Не понравилась галдящая компания поэту, растревожила в нем болезненные струны. Внутренне напряженный, зажатый, едва смиряя нетерпеливую дрожь, он занял столик на видном месте и поманил официанта. Не разбирая, что перед ним, поковырял вилкой. Готовый к немедленному отпору, вызывающе оглядел разгоряченных вином соседей.
Но никто из них внимания на него так и не обратил. По-прежнему так же буйно хлестали вино, провозглашая тосты за какого-то графа.
— Молодец, граф, не поскупился! Четыре бочки выставил и столько же обещал поставить на выборах завтра. Да за такого фёишпана [53] и жизнь не жалко отдать. Прошу налить, господа! За здоровье его сиятельства! Эльен!
53
Губернатор (венг.).
— Кто же он, этот замечательный граф, за которого вы так дружно пьете? — не выдержал Петефи и колюче блеснул нехорошей, драчливой улыбкой.
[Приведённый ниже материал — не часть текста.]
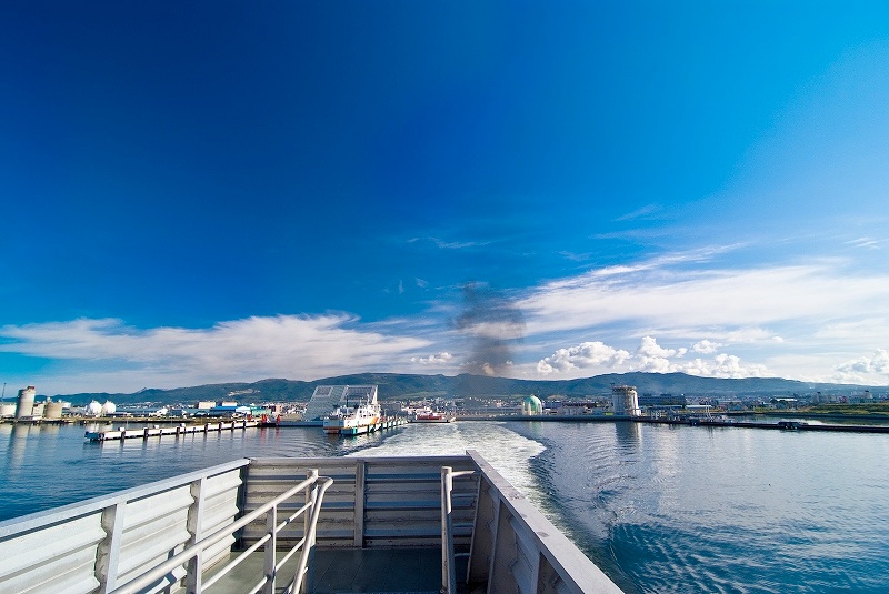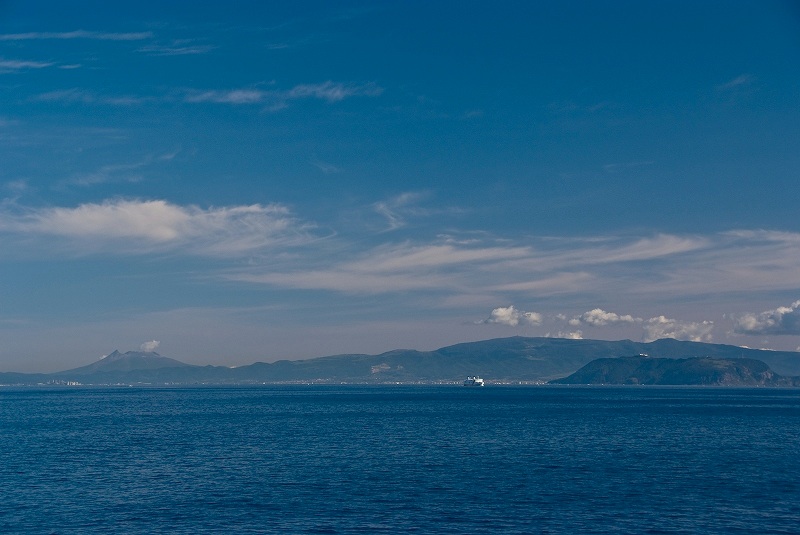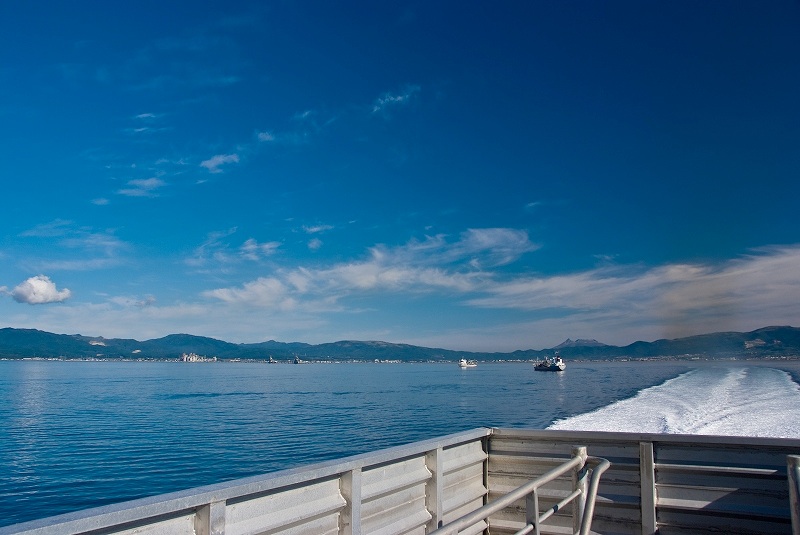 驚くほど穏やかな津軽海峡は、見たことも無い風景が広がる。
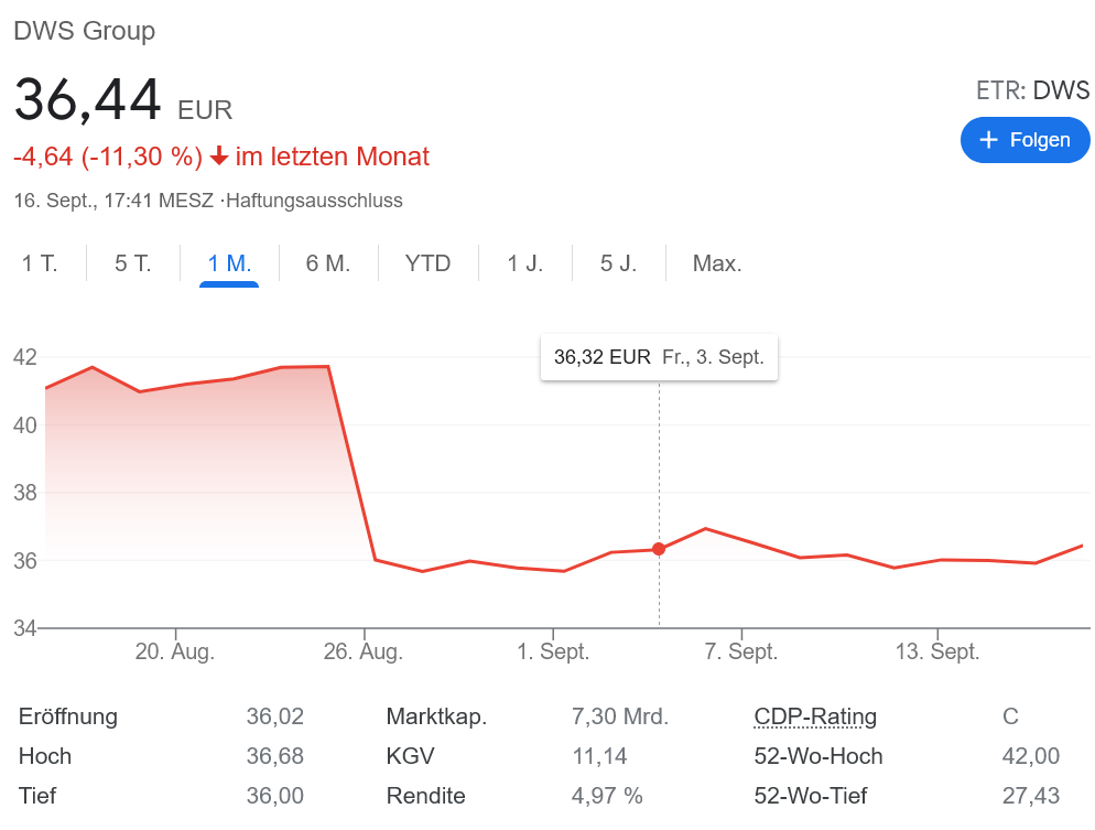 3週間前、株価が大きく下落した投資ファンド DWS。
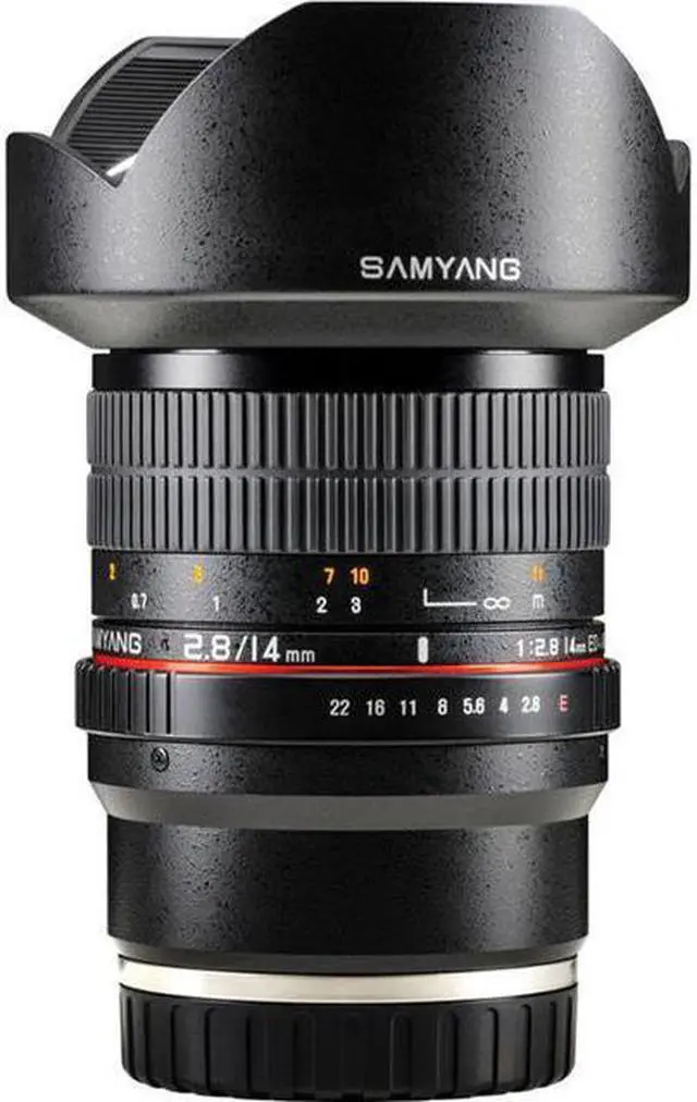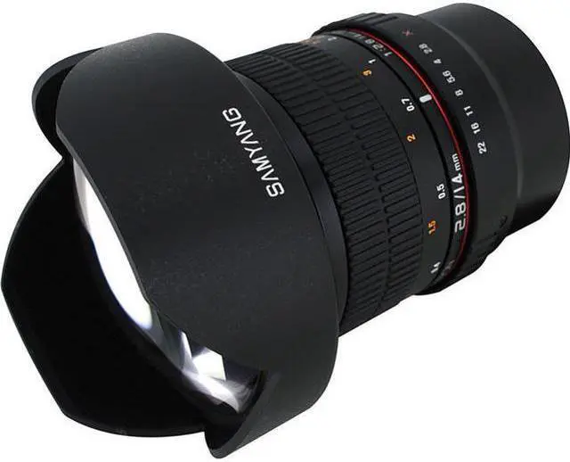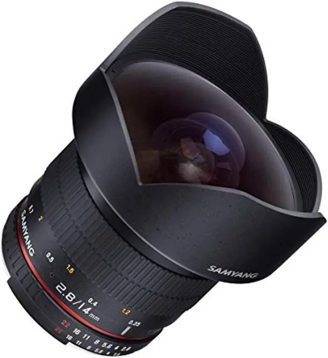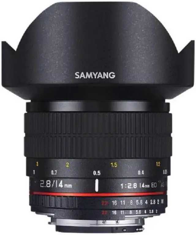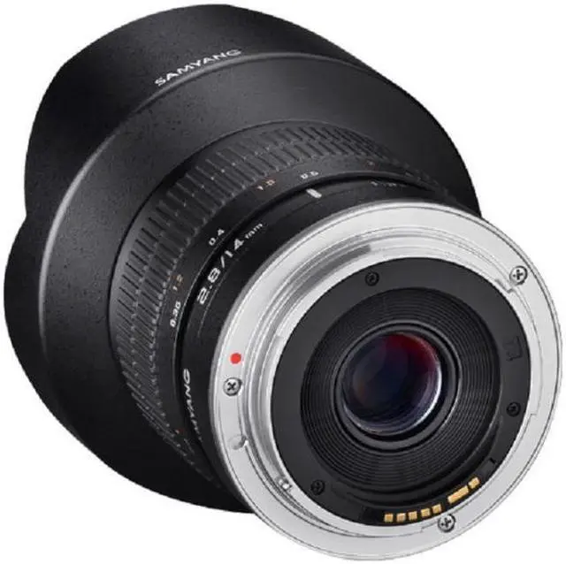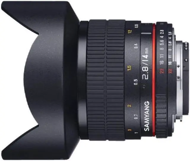 With hybrid aspherical lenses, you will produce sharply defined images with a minimum of distortion and chromatic aberrations. These manual focus 14 mm lens focuses as close as 0.9' (0.274 m) from the lens and has a built-in petal-type lens hood. With some cameras, Shutter Lock must be disengaged on the camera's menu.
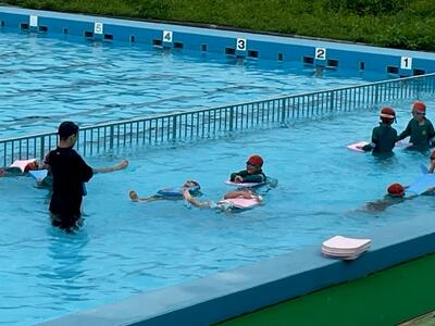 授業では、水の中に入ると重くて泳ぎづらいことや身体を浮かべるための技術などを学びました。
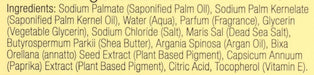 Sodium Palmate (Saponified Palm Oil); Sodium Palm Kernelate (Saponified Palm Kernel Oil); Water (Aqua); Parfum (Fragrance); Glycerin (Vegetable Glycerin); Sodium Chloride (Salt); Maris Sal (Dead Sea Salt); Butyrospermum Parkii (Shea Butter); Argania Spinosa (Argan Oil); Bixa Orellana (Annatto) Seed Extract (Plant Based Pigment); Capsicum Annuum (Paprika) Extract (Plant Based Pigment); Citric Acid; Tocopherol (Vitamin E)
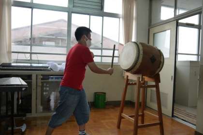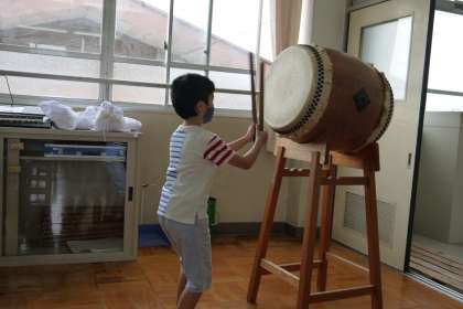 音楽の時間に和太鼓に挑戦しています。大きな太鼓を強くたたくと子どもたちから「お腹がいたくなる」と音の響きを感じた声も出ていました。
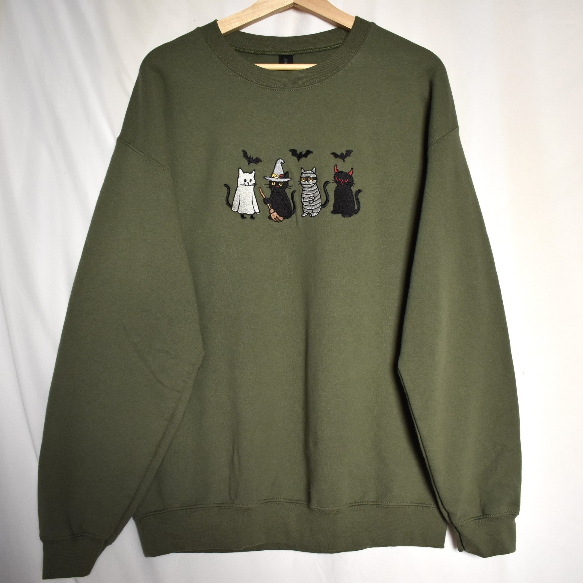 Embroidered Halloween Cat Sweatshirt – Ghost, Witch, Mummy & Devil Cats – Crewneck or Hoodie – Fall Spooky Season Sweater
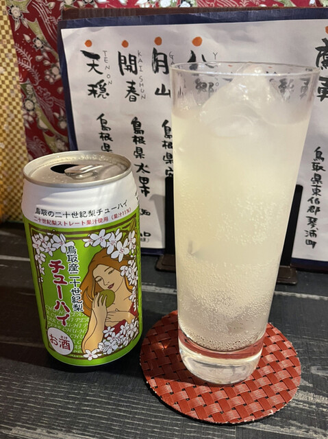 米子 圭蔵へ。二十世紀梨サワーで始める。今日のお通しは、温玉と本バイ。
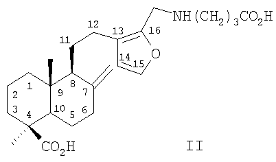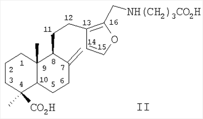 Аналогом по структуре указанных соединений является 16-(3-карбоксипропил-аминометил) замещенное производное метил 15,16-эпокси-7(17),13,14-лабдатриеноата (нумерация и название соединения (II) приведены по тривиальной номенклатуре для дитерпеноидов), формулы (II), обладающее ноотропной активностью [6].

— Как, вы не знаете нашего графа? — удивился сидевший поблизости кутила и закатился пьяным смешком. — Пос-слушайте, господа, он не знает нашего графа…
— Да, — повысив голос, отчеканил поэт. — Я как-то не имел чести слышать о вашем графе. Как его зовут? — Он привстал и непроизвольно сжал кулаки. Это было выше его. Он летел, подхваченный удалым ветром, клокоча ожиданием схватки, и злая улыбка застыла на неподвижном, как гипс, лице. — Кто он такой, чтобы кричать о нем на каждом углу?!
— Граф Лайош Каройи, к вашему сведению, — с апломбом назвал покровителя верный вассал и, словно лично себя представив, заносчиво вздернул плечо.
— Как-как? — Петефи даже присел от неожиданности. — Уж не потомок ли того Каройи, который продал куруцев? — Хлопнув себя по коленам, он издевательски захохотал. — Да-да, благородные господа, вы восхищаетесь человеком, чей дед, а может прадед, подписал гнусный Сатмарский мир! Нечего сказать: есть чем гордиться!
На мгновение сделалось тихо. Подвыпившие выборщики соображали туговато и не сразу осознали смысл оскорбительных слов. Но еще прежде, чем высокородное собрание смогло опомниться, Петефи поспешил внести полную ясность.